溫阮抬起頭,眼眶紅得嚇人,卻一滴眼淚都沒掉。
“是衝你來的。”她的聲音沙啞,“他們說,讓我少管你的事。”
蘇晚的心猛地一沉。她明白了,這是陸明遠幹的。或者說,是蘇柔幹的。
“對不起……”她緊緊抱住溫阮,“對不起,是我連累了你……”
溫阮搖頭:“別說傻話。你的事就是我的事。”
陸沉淵站在一旁,臉色陰沉得可怕。他拿出手機,撥通了沈辭手下人的電話。
“給我查,今晚地下車庫的事,是誰幹的。天亮之前,我要知道結果。”
掛了電話,他看著手術室的門,眼中閃過一絲痛色。
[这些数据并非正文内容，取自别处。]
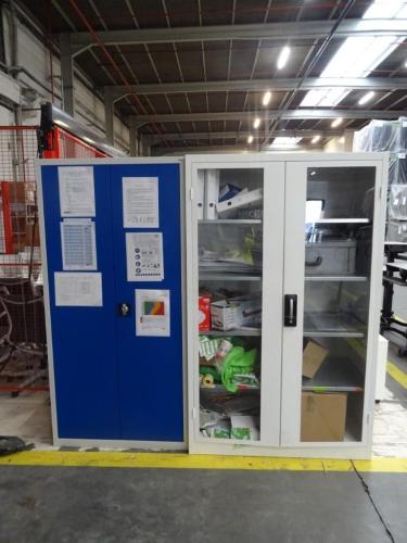 2x Metalen kast + 3x tafel + 6x ladekastje

沈辭跟了他十年,不僅是下屬,更是兄弟。
又過了兩個小時,手術室的燈終於滅了。
醫生走出來,溫阮猛地站起來,衝上去:“醫生,他怎麽樣?”
醫生摘下口罩:“手術很成功,傷者已經脫離危險。不過失血過多,需要好好休養。”
溫阮腿一軟,差點跪下。蘇晚連忙扶住她。
“沒事了,他沒事了。”蘇晚輕聲安慰。
溫阮點點頭,眼淚終於掉了下來。
沈辭被推出來時,臉色蒼白得像紙。溫阮撲過去,握著他的手,一句話都說不出來。
沈辭虛弱地睜開眼,看到她,嘴角扯出一個笑。
“沒事……別哭……”
溫阮的眼淚流得更凶了:“你傻不傻?為什麽要衝上來?”
沈辭看著她,眼中滿是溫柔:“因為是你……所以必須衝。”
溫阮愣住,心跳漏了一拍。
蘇晚和陸沉淵對視一眼,悄悄退了出去,把空間留給他們。
病房裏,溫阮握著沈辭的手,久久沒有說話。過了很久,她才開口。
“沈辭,你聽著。”她的聲音很輕,卻很認真,“以後不準你再這樣。你要是敢死,我就……我就……”
她說不出“我就怎麽樣”,隻是眼淚又掉了下來。
沈辭輕輕握緊她的手:“好,我答應你。”
溫阮看著他,忽然俯下身,在他額頭上輕輕印下一個吻。
沈辭愣住了。這是他認識溫阮以來,她第一次主動親近他。
“溫阮……”他喃喃道。
溫阮直起身,臉微微發紅,卻故作鎮定:“別多想,這是獎勵你的。以後好好養傷。”
沈辭看著她,嘴角的笑意藏都藏不住。
窗外,天快亮了。
天亮時,陸沉淵的人查到了結果。
“是蘇柔雇的人。”他把資料遞給蘇晚,“她通過中間人聯係的,付了二十萬。”
蘇晚看著資料,手指漸漸收緊。紙張被她攥得皺成一團。
“蘇柔……”她咬著牙,眼中迸出從未有過的怒火。
陸沉淵按住她的手:“別衝動。她有陸明遠撐腰,你直接去找她,正中他們下懷。”
蘇晚深吸一口氣,強迫自己冷靜下來。
“你說得對。”她放下資料,“不能直接動手,要讓她付出代價。”
陸沉淵點頭:“我已經讓人去查蘇柔的底細。她這種人,不可能沒有把柄。”
果然,不到半天,沈辭的手下就查到了重要線索。
“蘇柔最近在夜店揮霍,欠了一大筆高利貸。”陸沉淵說,“債主正在找她,她東躲西藏,不敢回家。”
蘇晚眼睛一亮:“高利貸?”
“對,利滾利,已經欠了三百多萬。”陸沉淵看著她,“你想怎麽做?”
蘇晚冷笑:“她不是喜歡找人教訓別人嗎?讓她也嚐嚐被追債的滋味。”
當天下午,蘇晚讓人放出訊息:蘇柔欠下巨債,債主正在四處找她,誰有她的下落,重重有賞。
訊息一出,蘇柔的噩夢開始了。
她躲在家裏不敢出門,債主卻找到了家門口。蘇振海氣得差點暈過去,指著她的鼻子罵:“你這個逆女!我養你這麽大,你就給我惹這種禍?!”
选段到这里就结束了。